Data in this exercise Start Marker
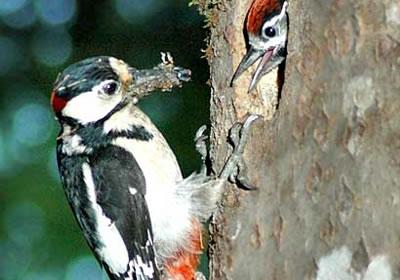Встречается в наших лесах также малый пестрый дятел – величиной чуть крупнее воробья. На голове у самца красная шапочка. Зимой и летом этот дятел кормится насекомыми. Ловко обследует щели и трещины на коре деревьев, долбит кору - достает личинок и жуков. Встречается малый пестрый дятел смешанных и лиственных лесах.
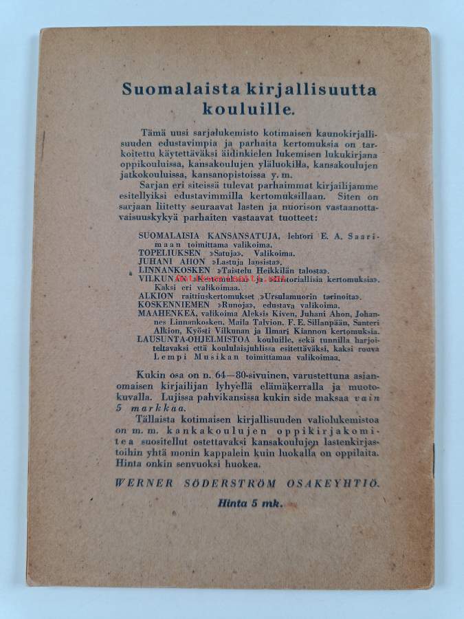 Sarja: Suomalaista kirjallisuutta kouluille XII
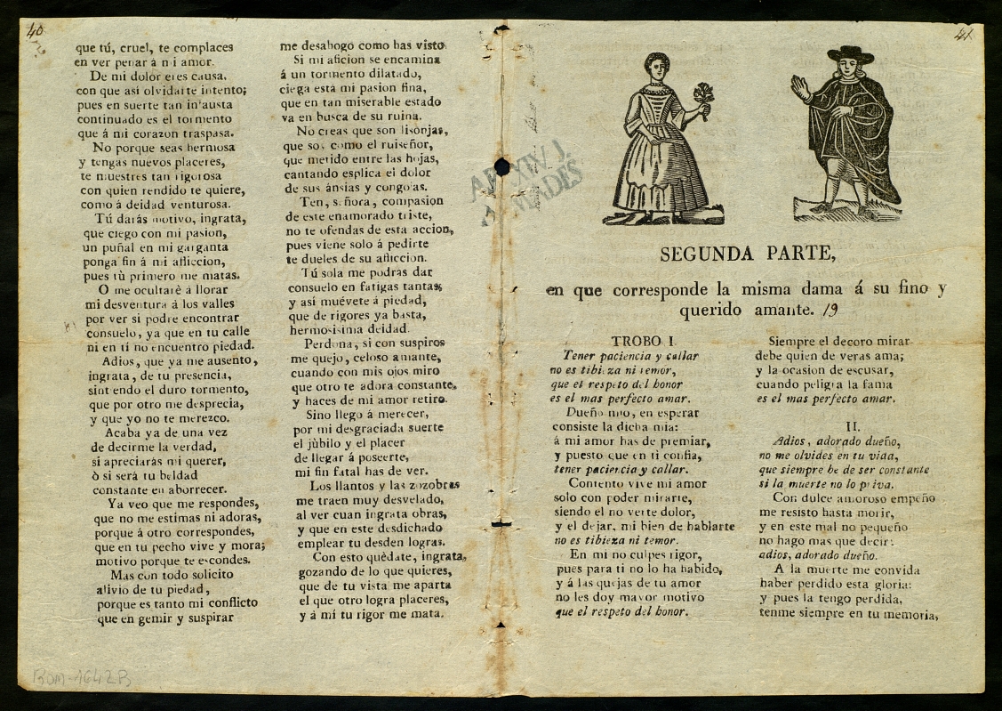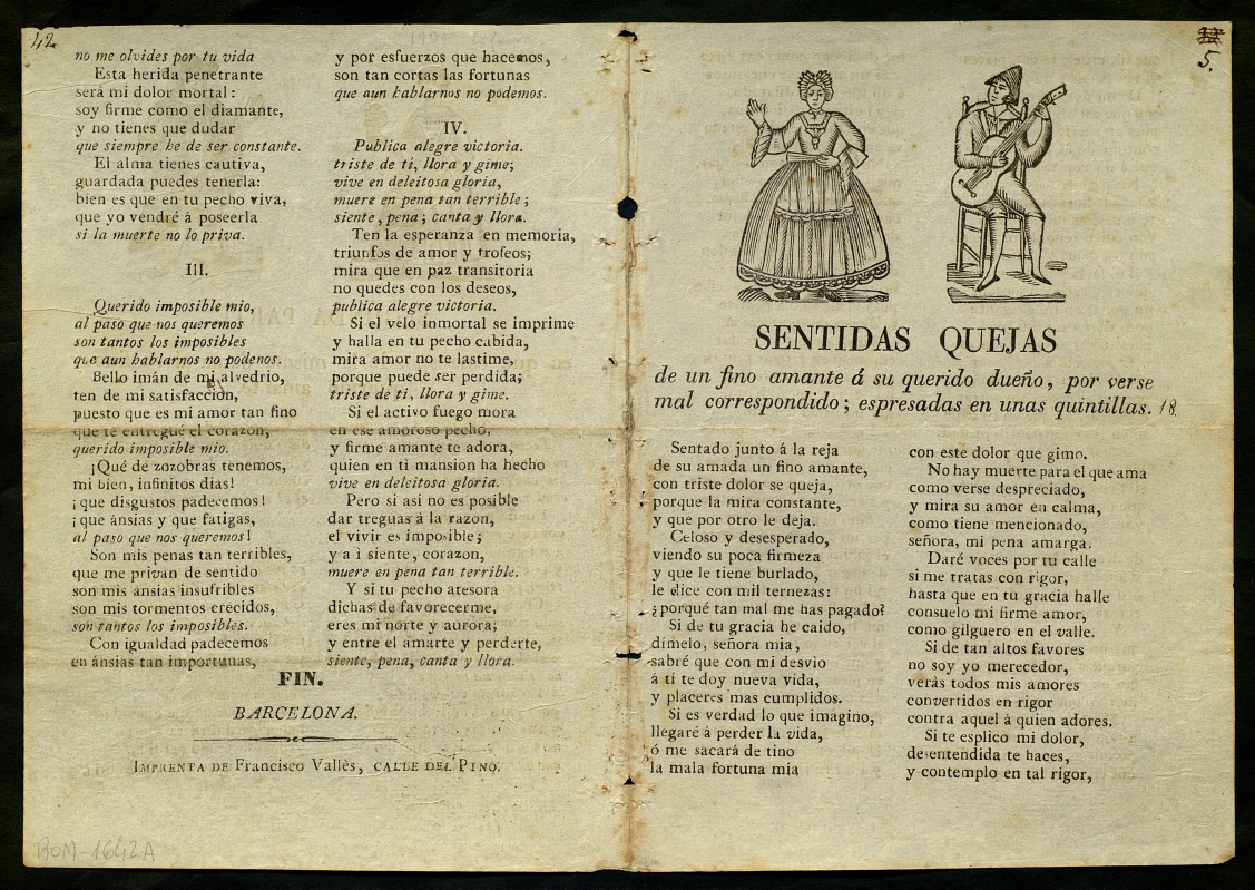 Perez de Abulagon, Juan. ([184) "Sentidas quejas de un fino amante á su querido dueño, por verse mal correspondido : espresadas en unas quintillas ; Segunda parte : En que corresponde la misma dama á su fino y querido amante". Centre de Documentació de Cultura Popular. <http://hdl.handle.net/10687/229277>. [Consulta: ]
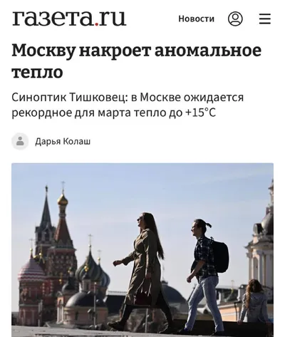 Хорошие новости: Москву накроет аномальное тепло, сообщают синоптики. Температура днём может подняться сразу до +15 градусов. При этом на выходных тоже будет тепло и солнечно. Так выглядит повод попр
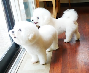チョコ生・・・ビション ビションフリーゼの ポピンくん ゆきんくん。 ・・・クリスマスケーキ 予約しないと。 ・・・チョコ がいいよ。 ・・・生クリーム がいいよ。 ・・・けんか だー。 クリスマス前の けんか材料の一つかな。
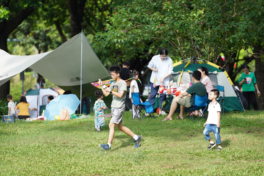 市民和游客在二沙岛野餐 图/广州日报新花城记者 莫伟浓
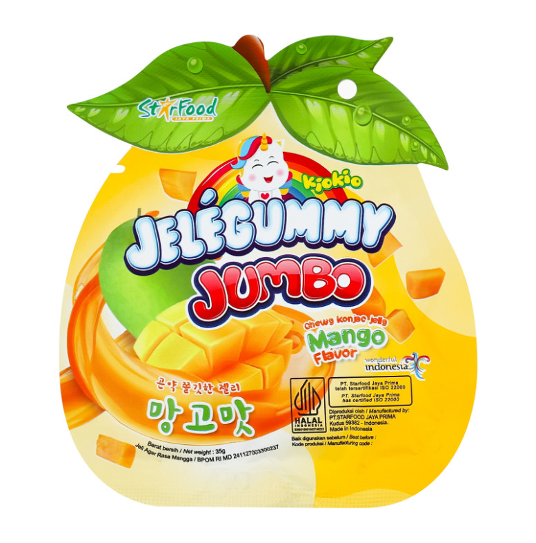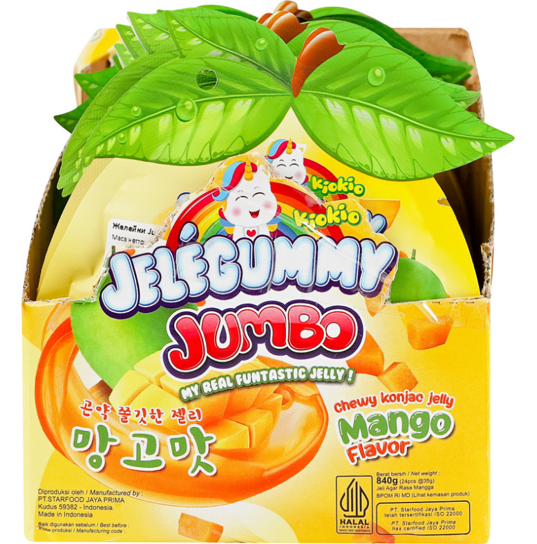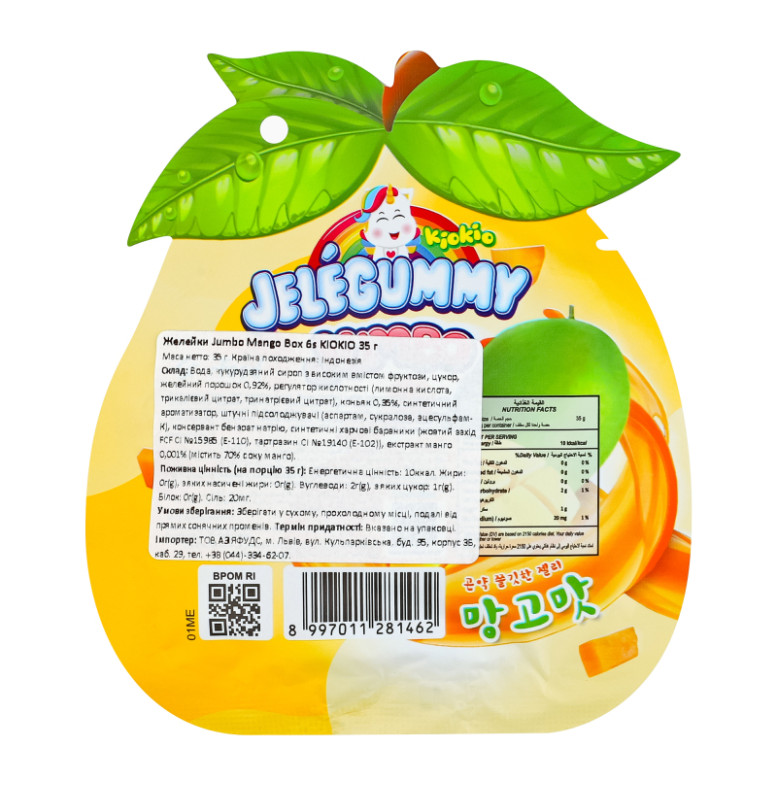 Склад: Вода, кукурудзяний сироп з високим вмістом фруктози, цукор, желейний порошок 0.92%, регулятор кислотності (лимонна кислота, трикалієвий цитрат, тринатрієвий цитрат), конжак 0.35%, синтетичний ароматизатор, штучні підсолоджувачі (аспартам, сукралоза, ацесульфам-К), консервант бензоат натрію, синтетичні харчові барвники (жовтий захід FCF CI №15985 (Е110), тартразин СI №19140 (Е102)), екстракт манго 0.001% (містить 70% соку манго)
Data in this exercise End Marker
**What is required:** Copy every record exactly, dropping the images.

**Output for this task:**
Встречается в наших лесах также малый пестрый дятел – величиной чуть крупнее воробья. На голове у самца красная шапочка. Зимой и летом этот дятел кормится насекомыми. Ловко обследует щели и трещины на коре деревьев, долбит кору - достает личинок и жуков. Встречается малый пестрый дятел смешанных и лиственных лесах.
 Sarja: Suomalaista kirjallisuutta kouluille XII
 Perez de Abulagon, Juan. ([184) "Sentidas quejas de un fino amante á su querido dueño, por verse mal correspondido : espresadas en unas quintillas ; Segunda parte : En que corresponde la misma dama á su fino y querido amante". Centre de Documentació de Cultura Popular. <http://hdl.handle.net/10687/229277>. [Consulta: ]
 Хорошие новости: Москву накроет аномальное тепло, сообщают синоптики. Температура днём может подняться сразу до +15 градусов. При этом на выходных тоже будет тепло и солнечно. Так выглядит повод попр
チョコ生・・・ビション ビションフリーゼの ポピンくん ゆきんくん。 ・・・クリスマスケーキ 予約しないと。 ・・・チョコ がいいよ。 ・・・生クリーム がいいよ。 ・・・けんか だー。 クリスマス前の けんか材料の一つかな。
 市民和游客在二沙岛野餐 图/广州日报新花城记者 莫伟浓
 Склад: Вода, кукурудзяний сироп з високим вмістом фруктози, цукор, желейний порошок 0.92%, регулятор кислотності (лимонна кислота, трикалієвий цитрат, тринатрієвий цитрат), конжак 0.35%, синтетичний ароматизатор, штучні підсолоджувачі (аспартам, сукралоза, ацесульфам-К), консервант бензоат натрію, синтетичні харчові барвники (жовтий захід FCF CI №15985 (Е110), тартразин СI №19140 (Е102)), екстракт манго 0.001% (містить 70% соку манго)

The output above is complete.